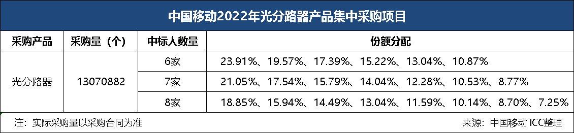 ICC訊 11月19日消息,中國移動(dòng)發(fā)布2022年光分路器產(chǎn)品集中采購項(xiàng)目,預(yù)估采購光分路器產(chǎn)品約1307.1萬個(gè),采購需求滿足期為1年,實(shí)際采購量以采購合同為準(zhǔn)。
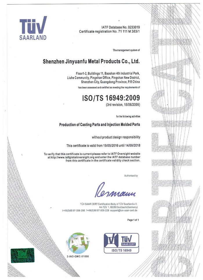 專(zhuān)注于鋁合金壓鑄件,獲得ISO9001:2008/ISO1440/TS16949:2009等專(zhuān)業(yè)資質(zhì)
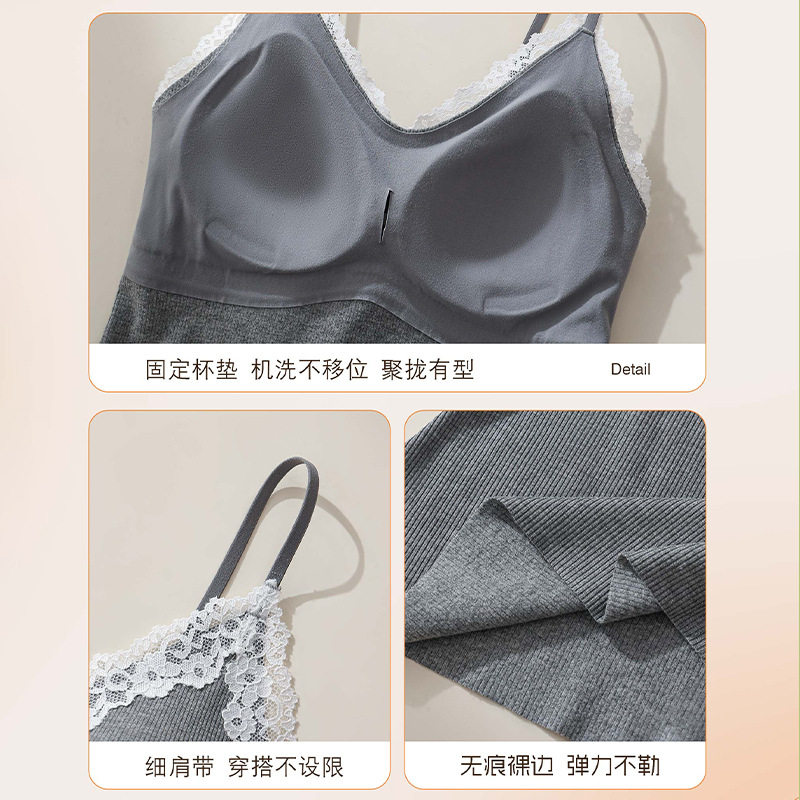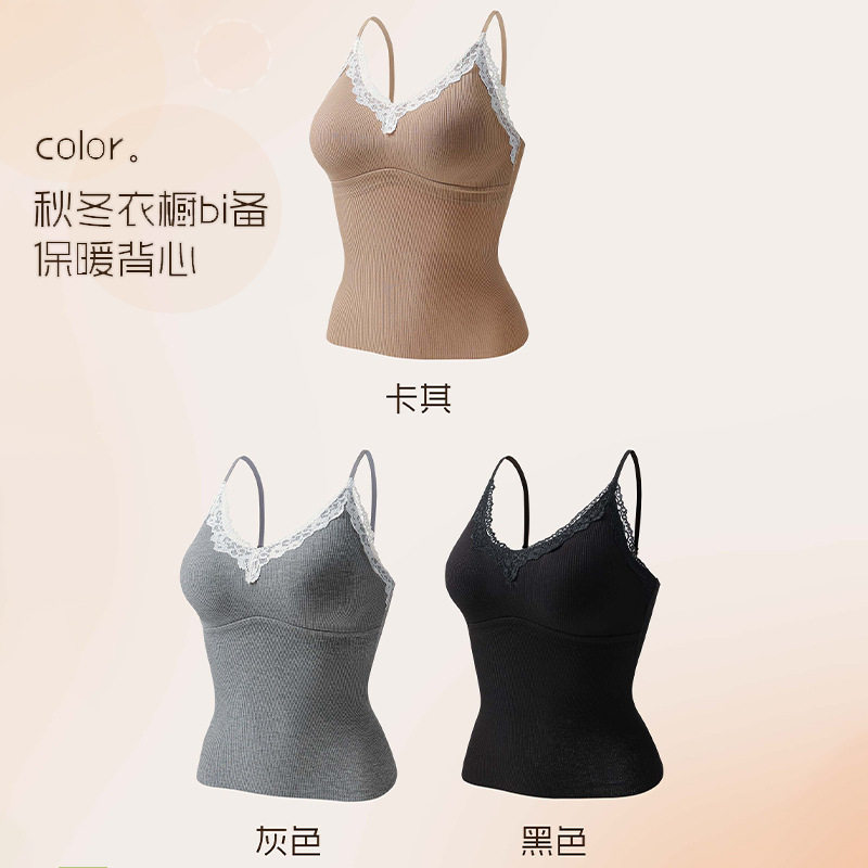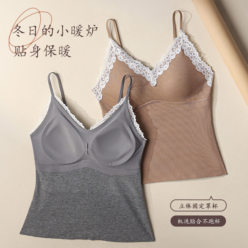 菇娘家德绒保暖背心女内搭冬带胸垫一体式 加绒保暖内衣 内衣新款
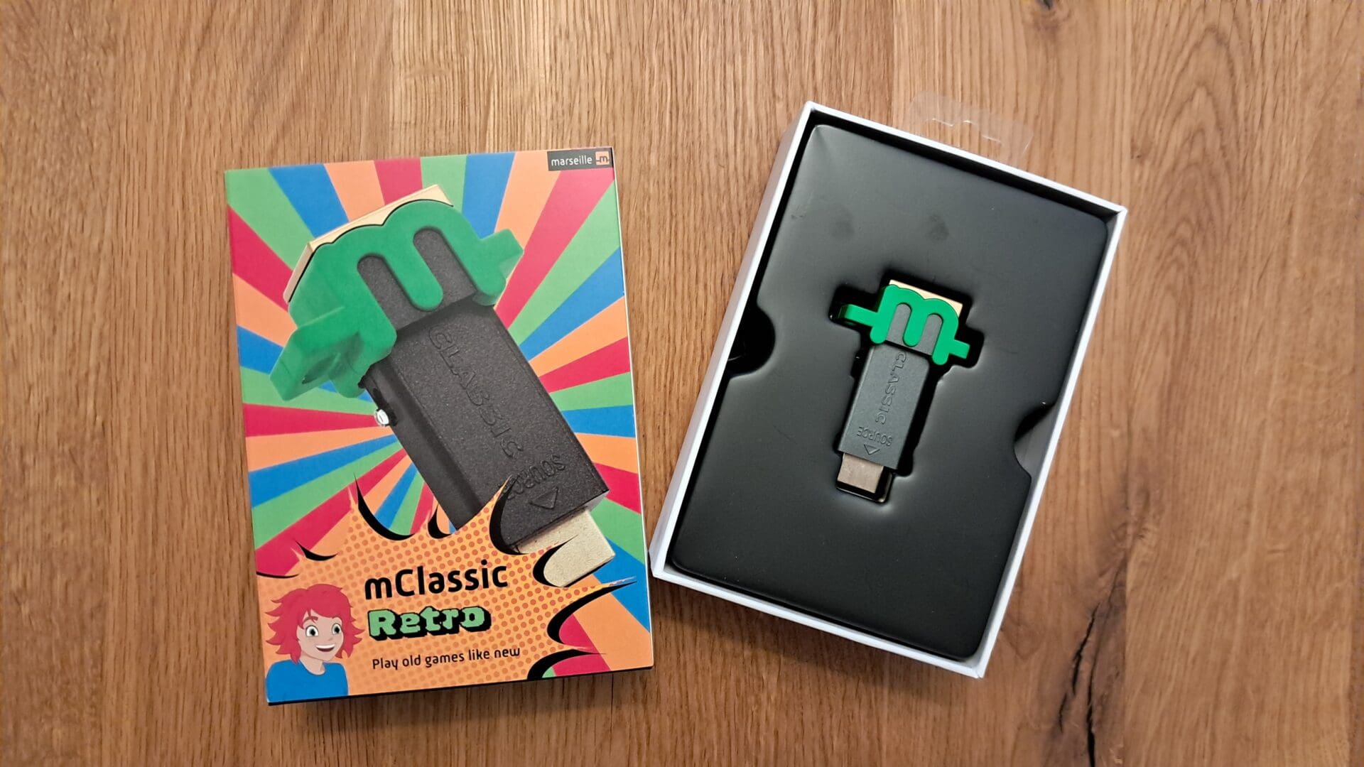 Im Paket war dann auch der mClassic Retro Stick von Marseille Inc. Es handelt sich dabei um einen der drei Sticks aus der mClassic RGB Collection. Neben dem mClassic Retro gibt es noch den mClassic Original und den mClassic Switch. Worum handelt es sich bei dem Stick denn nun eigentlich? Auf der Box seht ihr ein Bild des Sticks und den Text Play old games like new. Das nenne ich eine etwas dürftige Produktinformation.
◆ ◆ ◆ ◆ ◆ ◆ ◆
**WHAT IS REQUIRED:** Only an exact copy is wanted: the lines from the opening of the material through the line that has "菇娘家德绒保暖背心女内搭冬带胸垫一体式 加绒保暖内衣 内衣新款", minus any pictures.

**ANSWER TO THIS PROBLEM:**
 ICC訊 11月19日消息,中國移動(dòng)發(fā)布2022年光分路器產(chǎn)品集中采購項(xiàng)目,預(yù)估采購光分路器產(chǎn)品約1307.1萬個(gè),采購需求滿足期為1年,實(shí)際采購量以采購合同為準(zhǔn)。
 專(zhuān)注于鋁合金壓鑄件,獲得ISO9001:2008/ISO1440/TS16949:2009等專(zhuān)業(yè)資質(zhì)
 菇娘家德绒保暖背心女内搭冬带胸垫一体式 加绒保暖内衣 内衣新款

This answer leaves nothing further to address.